Every day I worked hard, convincing myself that I was doing the right thing. Taking another step toward peace. But at night, all I thought about was the girl I had watched die, and how I did nothing. Sometimes, I thought humans had already lost the ability to sympathize, to mourn, to feel. We already sacrificed the lives of forty-three innocent children without a single doubt. No. It couldn’t even be considered sacrificing. It was pure murder. How could our existence be so selfish? So disgusting?
Upon the death of the forty-third child, we started training the survivors. Our goal? To make them feel the pain that all humans would have to feel. In return, sadness, anger, jealousy —every negative emotion—would never be felt again. The only emotions that remained would be happiness, love, and affection.
My co-workers attached tubes to the children, performed surgeries, sedated them, and monitored them 24/7. No one cared about what we did to the children. Everyone wanted a perfect day.
The seven kids were trained to receive the emotions of every person. They were extremely sensitive. They could feel what anyone felt, and we used that information to our advantage. After one year, the children were ready, and the announcement was made. In one week, no one would feel a single negative emotion again. Everyone was ready. Little kids, teenagers, adults—all prepared to give up their suffering.

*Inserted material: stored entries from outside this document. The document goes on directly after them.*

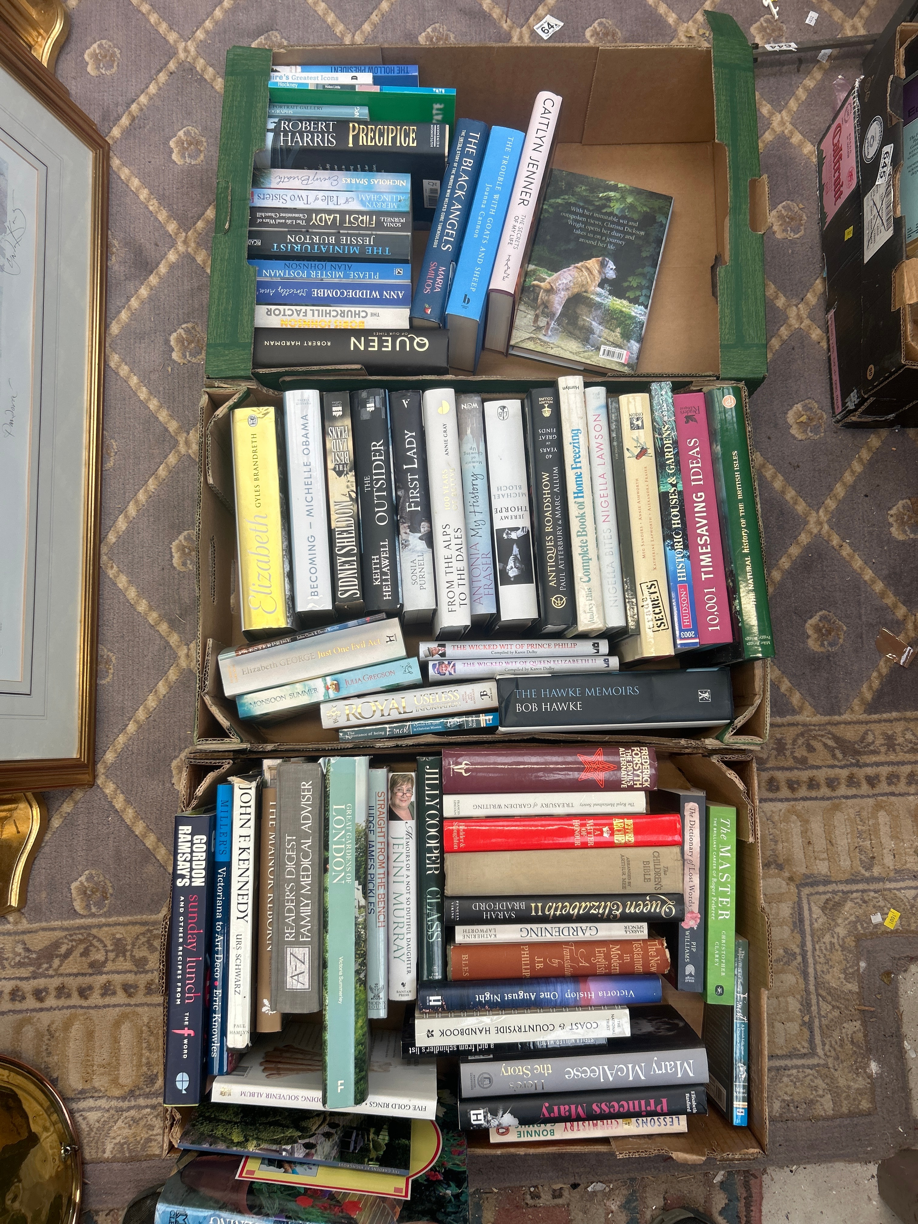 This lot comprises a large collection of English-language books, predominantly hardback and paperback editions, contained within three utilitarian cardboard boxes. One of the boxes features a green-painted internal divider. The collection spans various genres including contemporary biography (e.g., Caitlyn Jenner, Michelle Obama, Queen Elizabeth II, John F. Kennedy), historical non-fiction, fiction, cookbooks (e.g., Nigella Lawson, Gordon Ramsay), gardening, nature, and general reference works, suggesting a period primarily from the late 20th to 21st centuries. Visible titles include “Precipice” by Robert Harris, “The Black Angels,” “Becoming” by Michelle Obama, “Caitlyn Jenner: The Secrets of My Life,” and “Antiques Roadshow,” among many others. Publisher imprints such as Penguin, Orion, and Hutchinson are identifiable throughout the collection.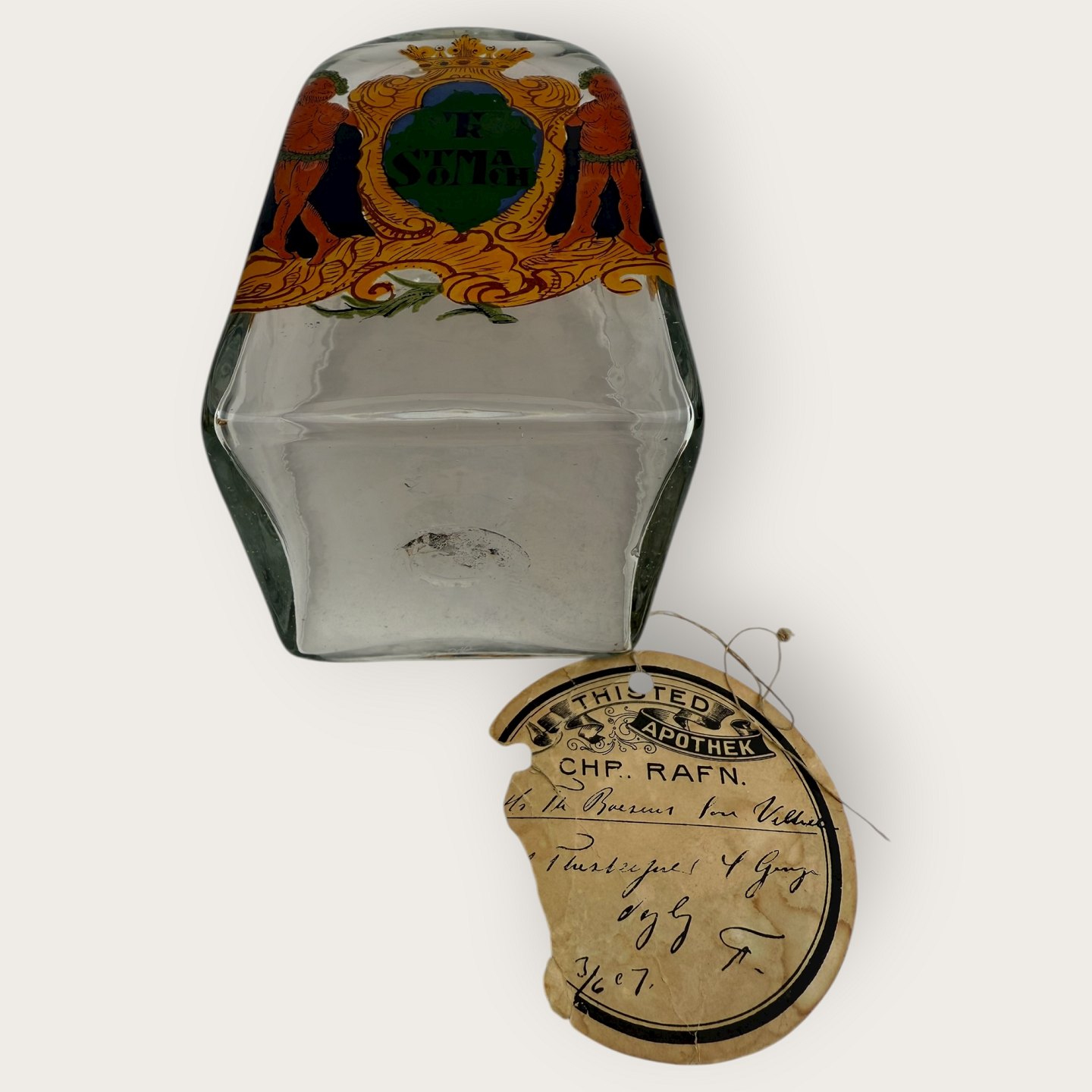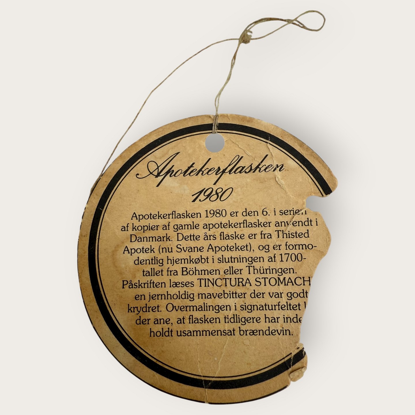 Holmegaard apotekerflaske fra 1980, Tinctura Stomach, Mål: 18x8x8cm, flaskerne er mundblæste kopier af originale gamle apotekerflasker, Signeret Hg80.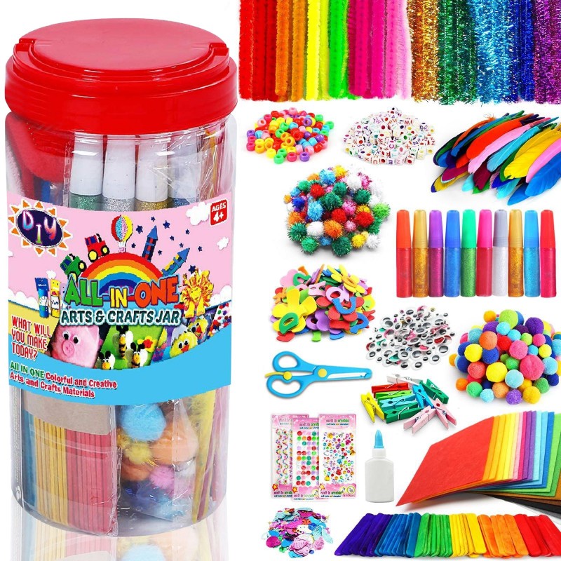 Atskleiskite vaikų kūrybiškumą su „All in One“ rankdarbių rinkiniu! Šiame spalvingame kūrybos stiklainyje rasite daugiau nei 100 įvairių detalių: spalvotą popierių, pom-pomus, akeles, formas iš putplasčio, blizgučius, lipdukus, lazdelės, sagas ir saugias žirkles.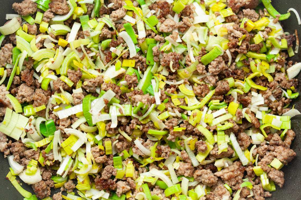 - 250 Gramm Hackfleisch mit den 2 Esslöffeln Öl und etwas Geduld anbraten. Ihr müsst das Hack immer wieder wenden und gleichzeitig zerkleinern, so dass am Ende kleine, kross gebratene Hackkrümmel in der Pfanne sind. Das kann schon mal 10-15 Minuten dauern, da erst die Flüssigkeit verdunsten muss, damit dann das Hack richtig braten kann. Es macht am Ende knisternde Geräusche, dann ist es gut!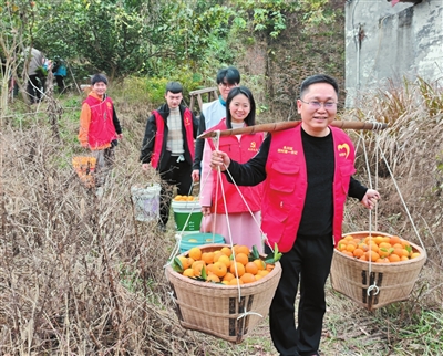 在一片挂满沉甸甸金灿灿果实的树下,青年志愿者有的采摘、有的分拣、有的搬运。短短半天时间,李远书家900斤血橙便采摘一空。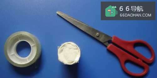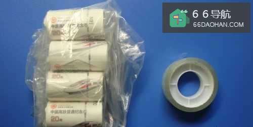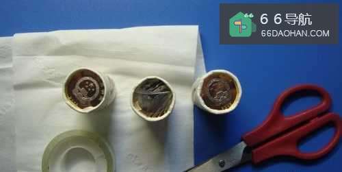 4 然后,把吸水绵纸放在纪念币的纸筒上,用剪刀剪透明胶把纸筒包起来,这样就可以防潮和避免氧化,如下图所示。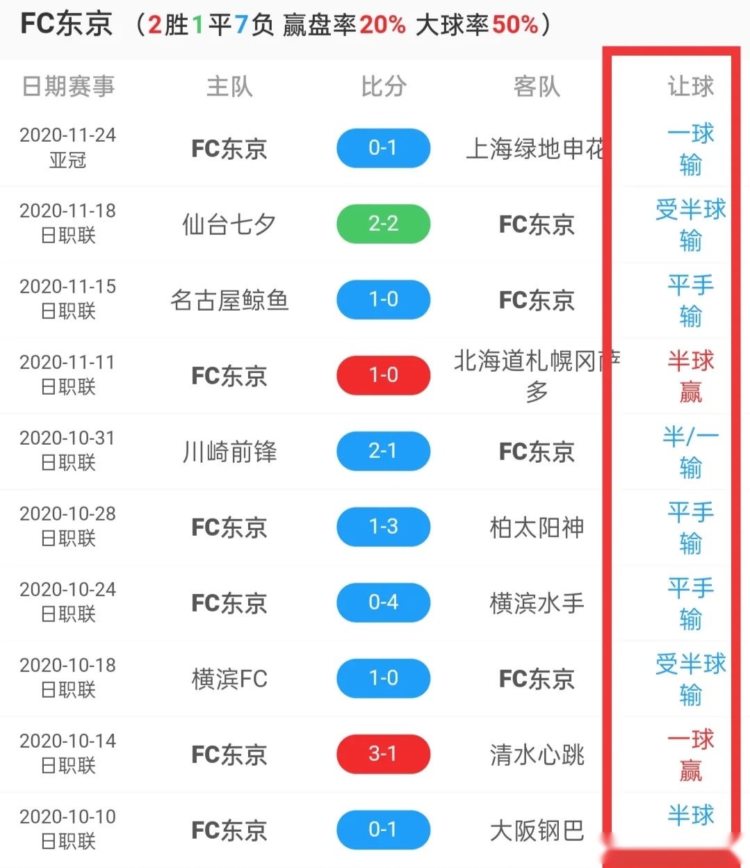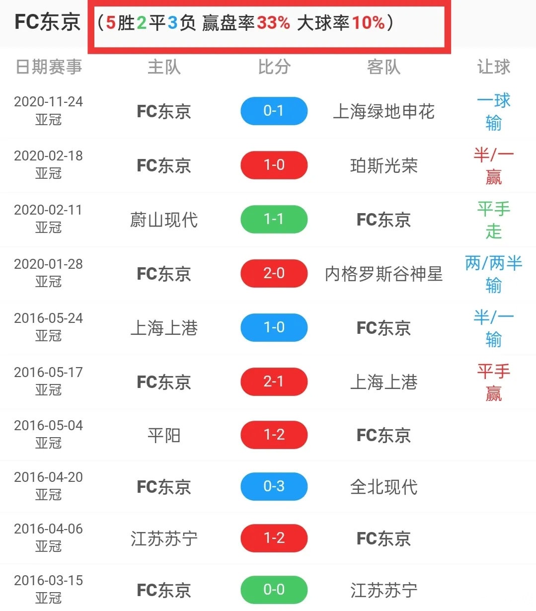 东京FC最近10场亚冠5胜2平3负,但是其赢盘率却只有33%,而且进球效率不高,10场比赛只有4场踢出大比分,1场大球,侧面说明球队的进攻端比较薄弱;最近10场各项赛事的赢盘率也只有20%,比上海申花低上整整60个百分点!
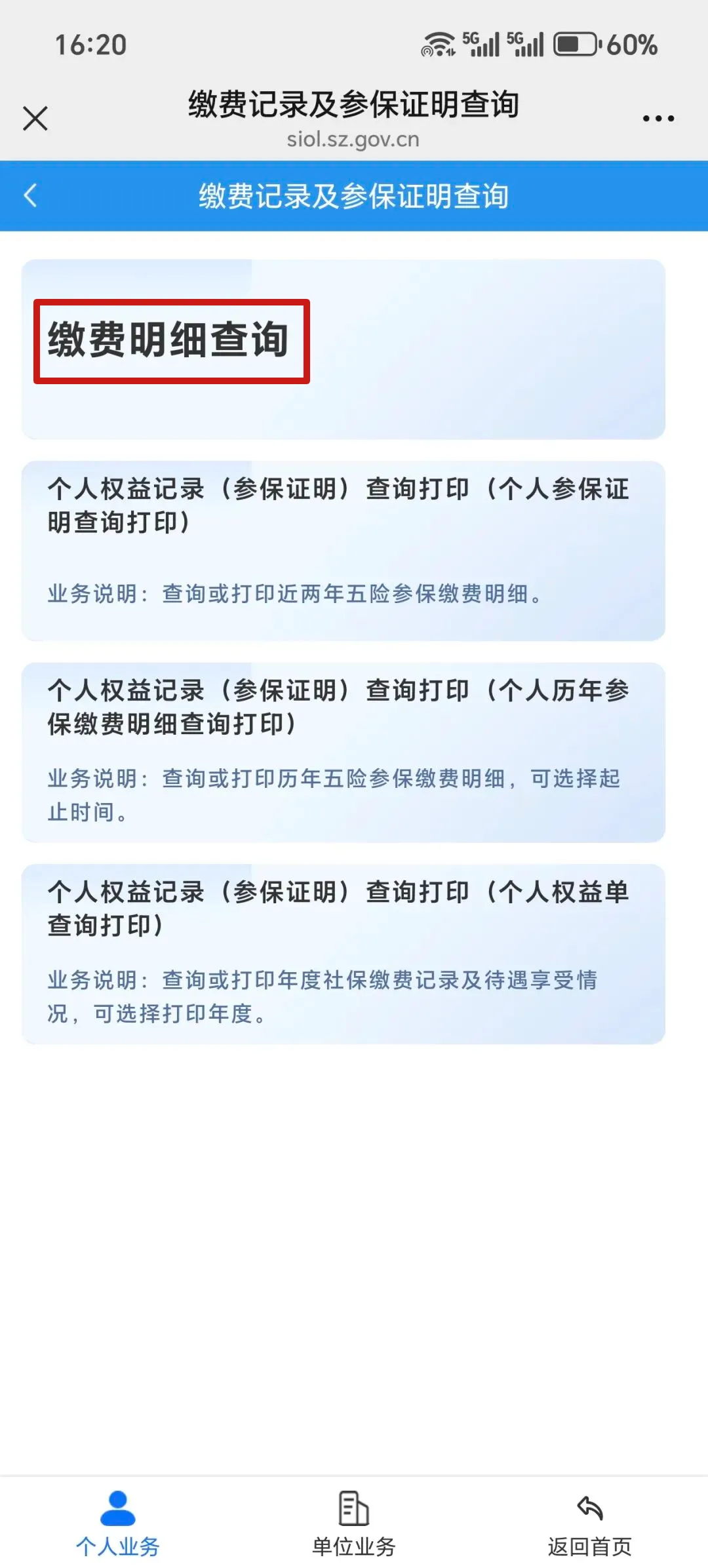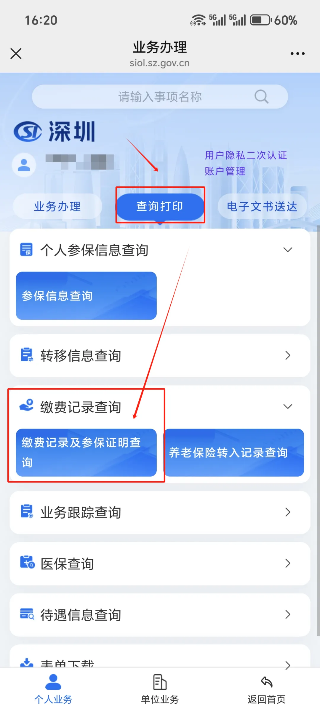 选择“缴费记录及参保证明查询”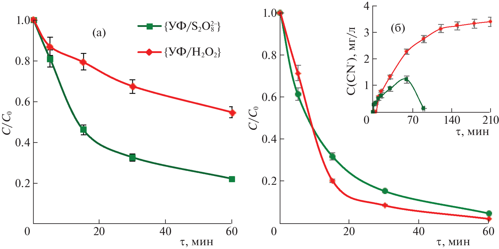 }) and hydrogen peroxide (oxidizing system {UV/H2O2}) under the influence of quasi-monochromatic UVC radiation from a KrCl excilamp (222 nm) have been studied. According to the efficiency and rate of the destruction of the target compound, the oxidizing systems under study can be arranged in the following series: {UV/S2O2-8} > {UV/H2O2} > {UV}. The effective destruction of hexacyanoferrates at micromolar concentrations (≤47 μM) to nontoxic and biodegradable compounds in the combined {UV/S2O2-8} system is due to the high oxidizing ability of reactive oxygen species formed as a result of persulfate photolysis.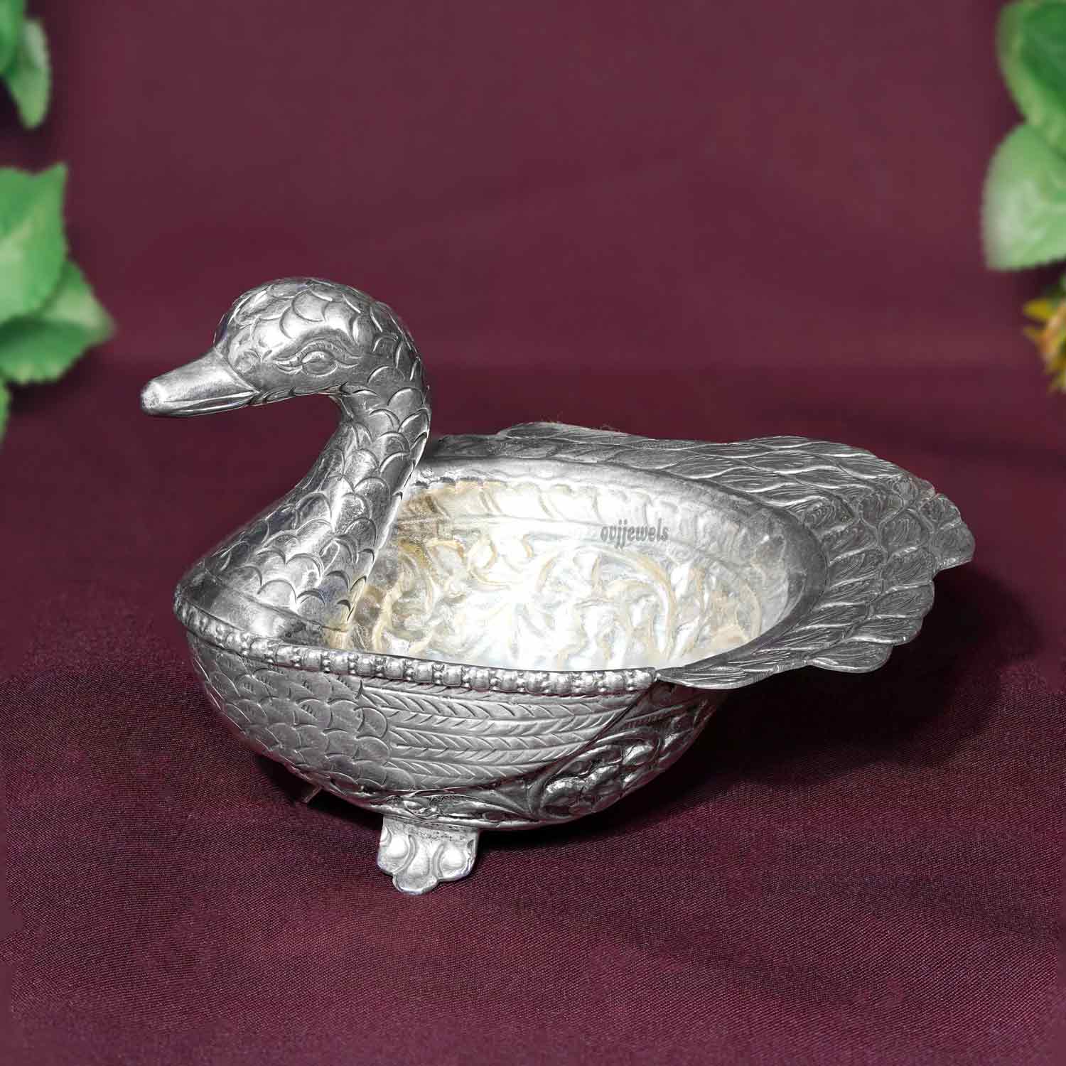 The antique silver swan bowl stands as a symbol of grace and elegance, making it a striking centerpiece for special occasions, weddings.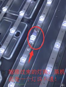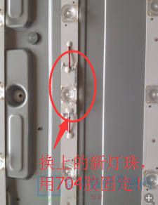 新灯珠是我原先买的新灯条上取得,不单独取灯珠,用几个就连灯珠背面的板子直接用壁纸刀子隔断(这样的换的目的是电罗铁加热不到灯珠,不会造成二次取灯珠高温加热对灯珠的伤害)把原机坏的灯珠去掉,把割下来的新灯珠和背面的板子用704胶粘在坏灯珠的位置,两边用导线连接好就可以了。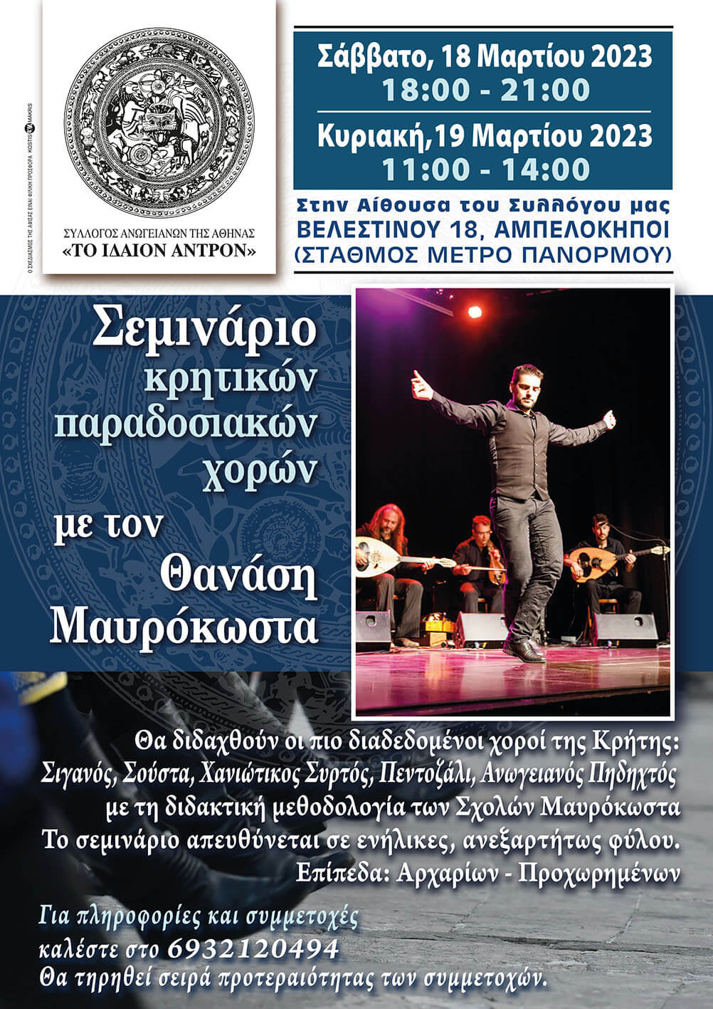“Σεμινάριο Κρητικών χορών με τον κο Θανάση Μαυρόκωστα”

Philosophers agreed, therapists raved, teachers looked forward to never dealing with a troublesome child. They called it “The Day of Freedom.”
The seven children were locked in a small room, each in a capsule emitting gas to keep them alive. I walked to one of the capsules and peered inside through the glass window. The child inside seemed to be peacefully asleep. This was it—the future of our world.
My mind flashed through months of work. So many accomplishments and discoveries. But disgust ran through me whenever I thought about the children. I remembered the girl who died before me. Her dilated eyes, her thrashing limbs, the condition she was kept in.
My hand pressed against the glass. I could walk away, like the day I counted the dead children. I could pretend I was doing the right thing. Like I did every night after watching the girl die.
No, the voice inside me snapped. Yes! I snapped back. I couldn’t do this. I couldn’t let the world down! But the voice inside me grew. It grew into the voices of the children. The forty-three children who had died unjustly.
“No!” I screamed. I looked at my reflection in the glass. “No!” My breath was ragged, my heart pumped like crazy.
A chorus of children’s voices screamed in my head—DO IT!
My fingers curled into fists. My nails dug into my palm. My vision blurred. A crushing weight of guilt and grief consumed me. The room felt smaller, suffocating, the hum of the machines, my pounding heart.
My breath hitched. My body moved. My fist swung, and the next thing I heard was the sharp, splintering crack of breaking glass.